*** Begin section ***

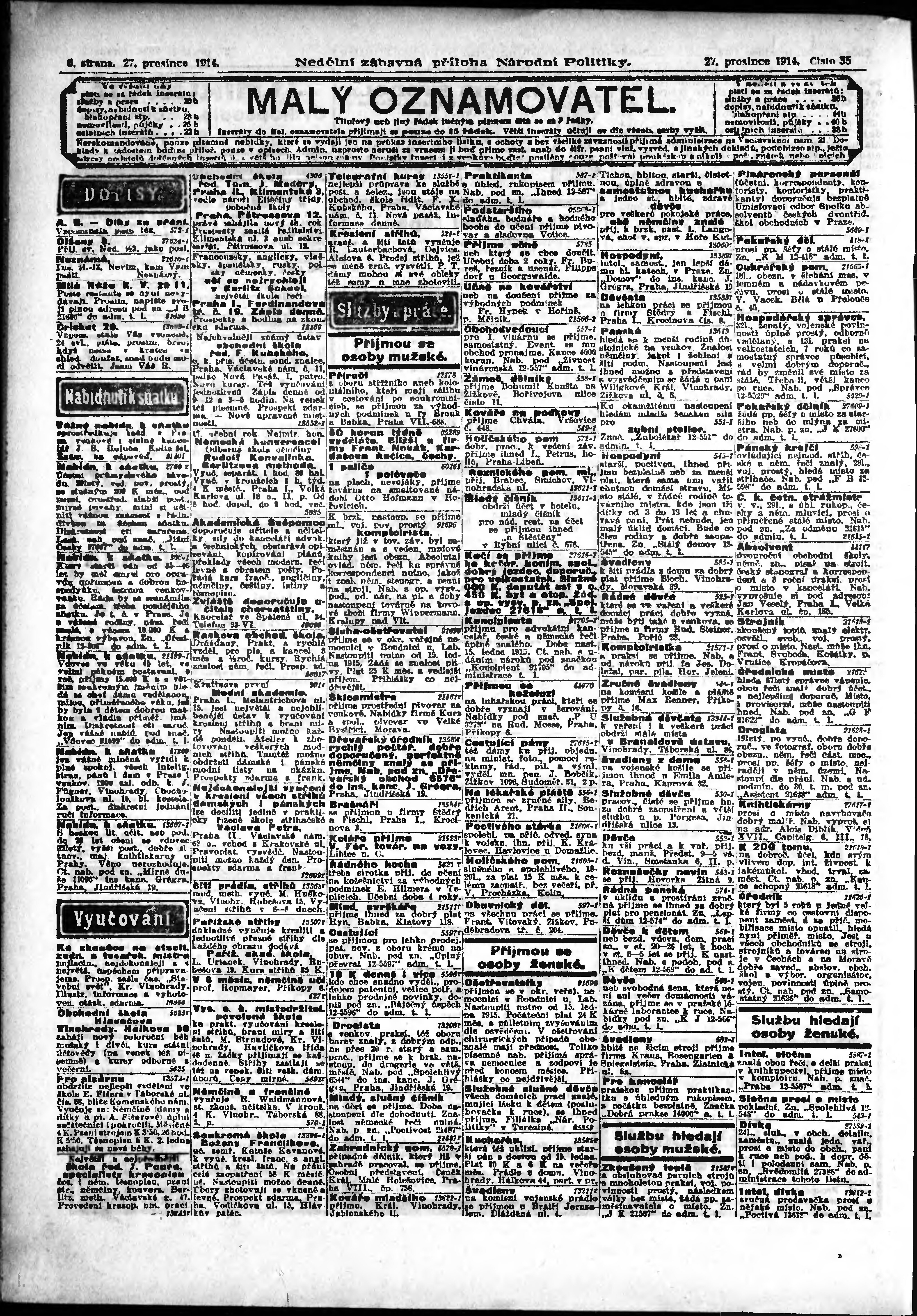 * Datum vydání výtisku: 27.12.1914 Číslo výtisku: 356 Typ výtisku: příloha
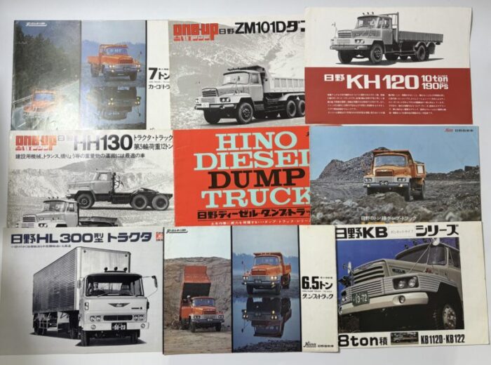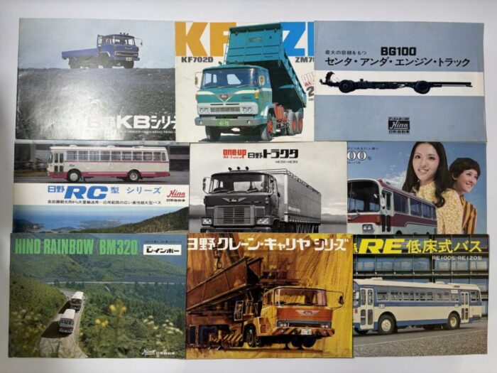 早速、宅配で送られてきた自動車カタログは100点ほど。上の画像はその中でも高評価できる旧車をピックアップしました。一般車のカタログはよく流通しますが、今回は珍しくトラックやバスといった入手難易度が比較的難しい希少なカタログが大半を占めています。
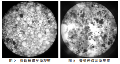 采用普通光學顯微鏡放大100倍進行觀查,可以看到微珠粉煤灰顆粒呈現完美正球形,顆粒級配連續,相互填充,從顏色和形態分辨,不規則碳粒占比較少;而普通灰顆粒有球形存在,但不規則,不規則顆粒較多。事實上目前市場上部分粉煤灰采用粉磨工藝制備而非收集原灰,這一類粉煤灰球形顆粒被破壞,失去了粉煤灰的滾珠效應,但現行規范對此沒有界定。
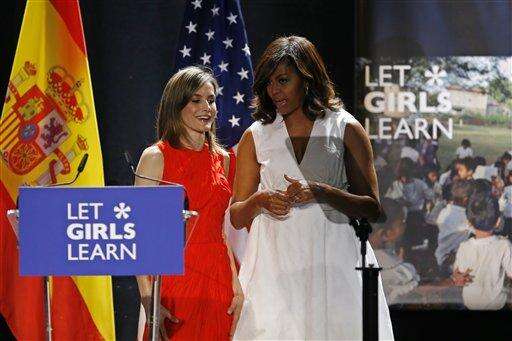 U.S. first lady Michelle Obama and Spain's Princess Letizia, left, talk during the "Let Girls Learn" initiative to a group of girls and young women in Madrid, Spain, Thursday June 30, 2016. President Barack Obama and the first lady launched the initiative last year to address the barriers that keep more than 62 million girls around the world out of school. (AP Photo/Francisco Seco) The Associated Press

*** End section ***
*** Begin section ***

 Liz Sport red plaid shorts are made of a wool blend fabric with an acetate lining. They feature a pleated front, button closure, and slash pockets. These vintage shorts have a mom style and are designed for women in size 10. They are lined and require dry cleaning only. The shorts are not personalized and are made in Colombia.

*** End section ***
*** Begin section ***

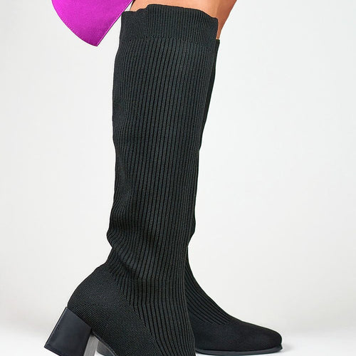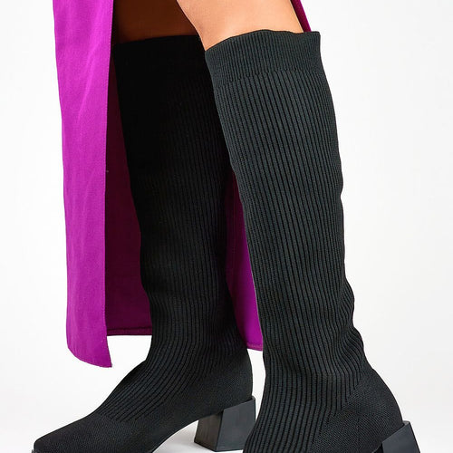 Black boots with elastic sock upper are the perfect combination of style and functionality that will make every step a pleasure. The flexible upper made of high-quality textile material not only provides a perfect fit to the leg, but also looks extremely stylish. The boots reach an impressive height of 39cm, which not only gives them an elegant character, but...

*** End section ***

● **EXERCISE PROMPT**
Nothing but the lines from the one with "采用普通光學顯微鏡放大100" up to and including the one with "U.S. first lady" should be printed, exactly as they read above. Please keep the pictures out.

● **TASK SOLUTION**
 采用普通光學顯微鏡放大100倍進行觀查,可以看到微珠粉煤灰顆粒呈現完美正球形,顆粒級配連續,相互填充,從顏色和形態分辨,不規則碳粒占比較少;而普通灰顆粒有球形存在,但不規則,不規則顆粒較多。事實上目前市場上部分粉煤灰采用粉磨工藝制備而非收集原灰,這一類粉煤灰球形顆粒被破壞,失去了粉煤灰的滾珠效應,但現行規范對此沒有界定。
 U.S. first lady Michelle Obama and Spain's Princess Letizia, left, talk during the "Let Girls Learn" initiative to a group of girls and young women in Madrid, Spain, Thursday June 30, 2016. President Barack Obama and the first lady launched the initiative last year to address the barriers that keep more than 62 million girls around the world out of school. (AP Photo/Francisco Seco) The Associated Press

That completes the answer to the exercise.